Giulia Caminito. Scrivere è disertare l’ovvio

Giulia Caminito © Andrea Ottaviani

Tra le voci più originali della narrativa italiana contemporanea, l’autrice de “L’acqua del lago non è mai dolce” sceglie sempre strade inaspettate. E non risparmia il mondo culturale che conosce dall’interno, avendo lavorato come redattrice ed editor, offrendo uno sguardo diretto su dinamiche precarie e soffocanti. Con il suo ultimo romanzo sfida le aspettative del mercato, esplorando dolore, memoria e identità fuori dai cliché dell’autofiction

Giulia Caminito può essere considerata un “talento generazionale” della narrativa italiana, di quelli che si palesano una volta ogni dieci o quindici anni. Nata a Roma nel 1988, ha già al suo attivo quattro romanzi.

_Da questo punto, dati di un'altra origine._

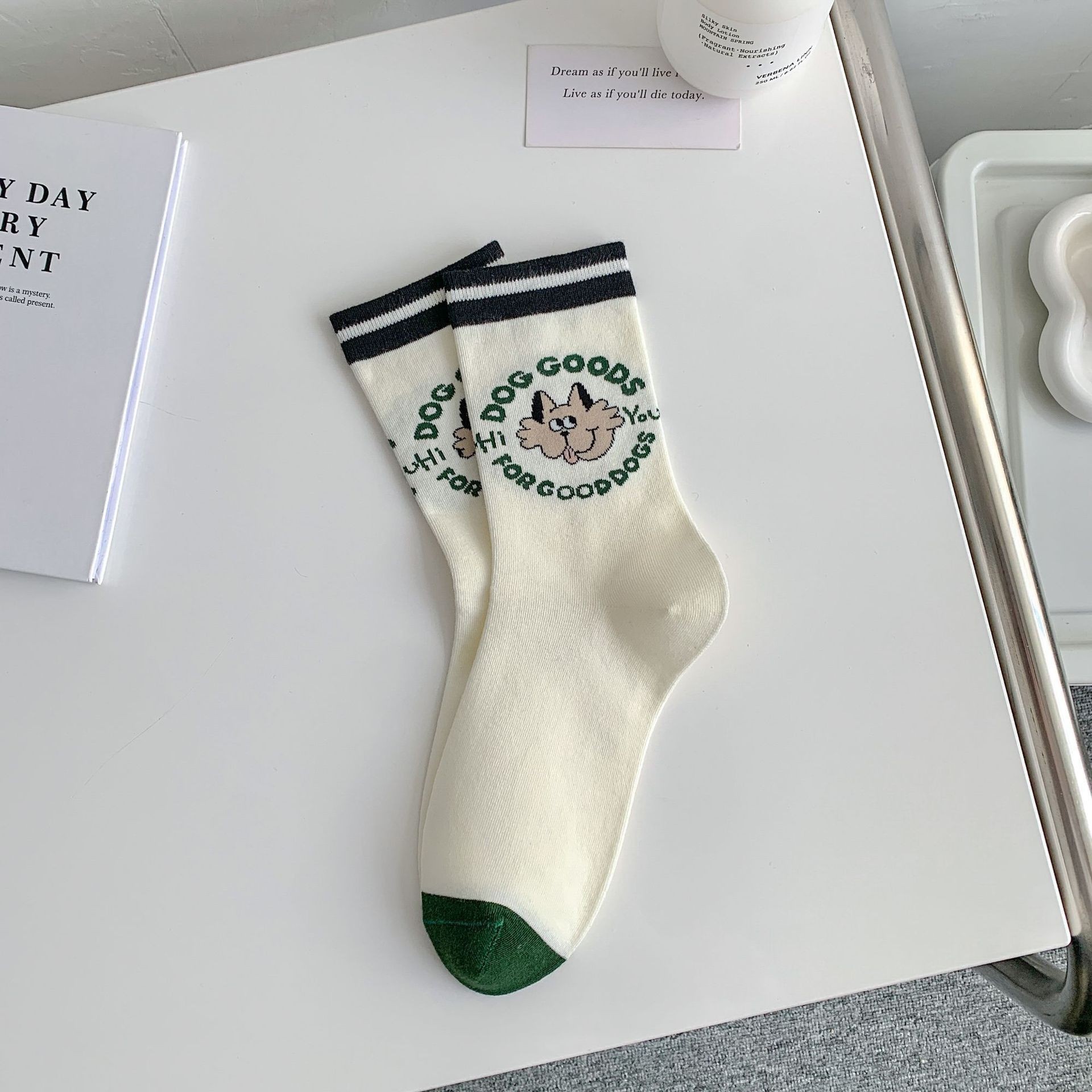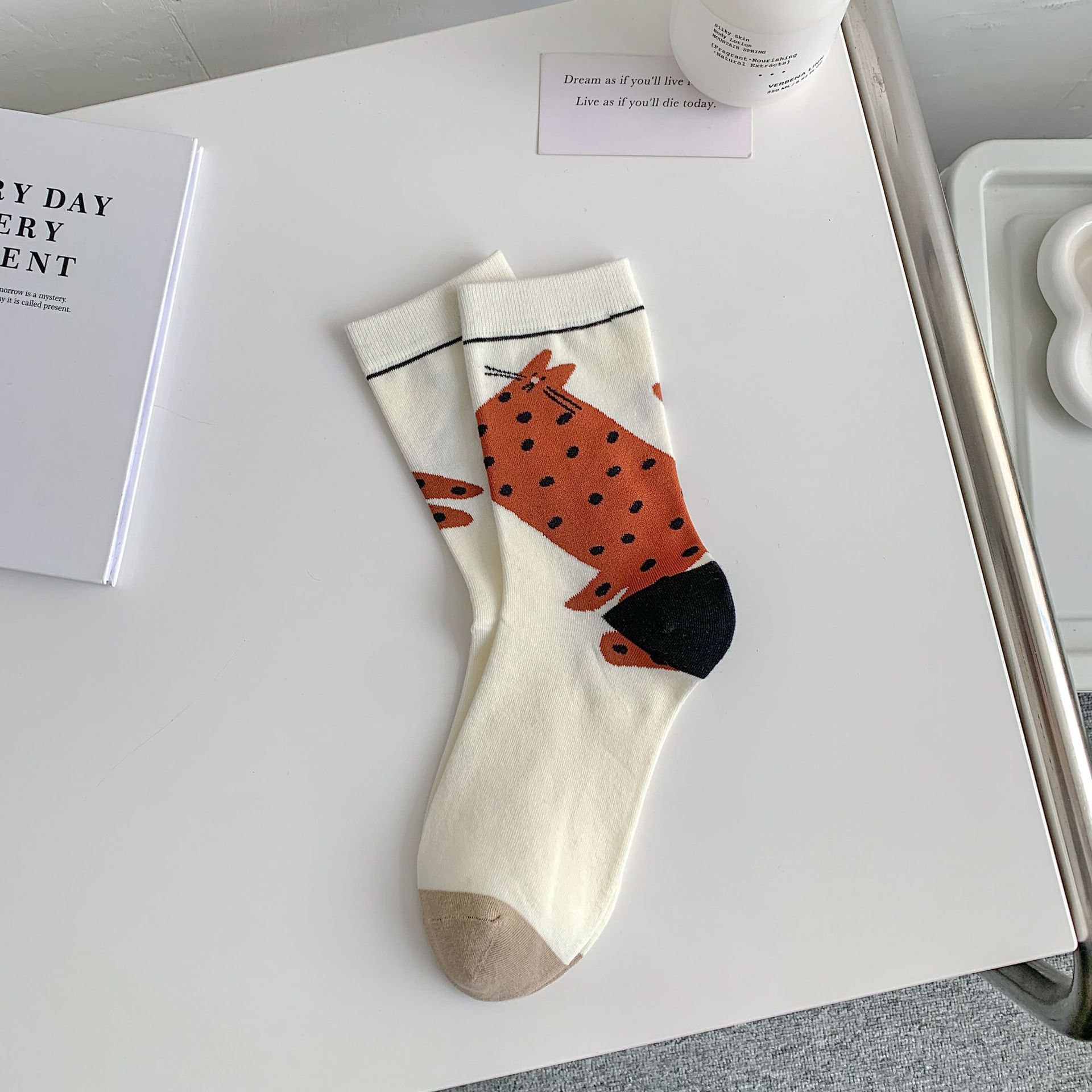 2023 봄과 여름 새로운 중간 길이 양말 통기성 유행 여성 양말 얇은 어린이 낙서 만화

Il suo esordio “La grande A” (Giunti, 2016), premiato con il Bagutta opera prima, intreccia storia familiare e memorie, viaggiando tra Italia e Africa durante il fascismo e il dopoguerra. Caminito ha continuato a esplorare temi legati alla memoria, alla storia e alle relazioni interpersonali nei suoi lavori successivi. Il percorso è proseguito con “Un giorno verrà” (Bompiani, 2019), un affresco che cattura la vita di un borgo marchigiano tra fine Ottocento e Grande guerra, esplorando le dinamiche sociali e i destini individuali. Nel 2021 è uscita la sua opera più celebre, “L’acqua del lago non è mai dolce” (Bompiani, 2021), un romanzo che esplora la vita di una famiglia proletaria sulle rive del lago di Bracciano, ad Anguillara Sabazia. Finalista al Premio Strega e vincitrice del Premio Campiello, questo romanzo è stato tradotto in venti lingue ed è considerato uno dei suoi lavori più significativi.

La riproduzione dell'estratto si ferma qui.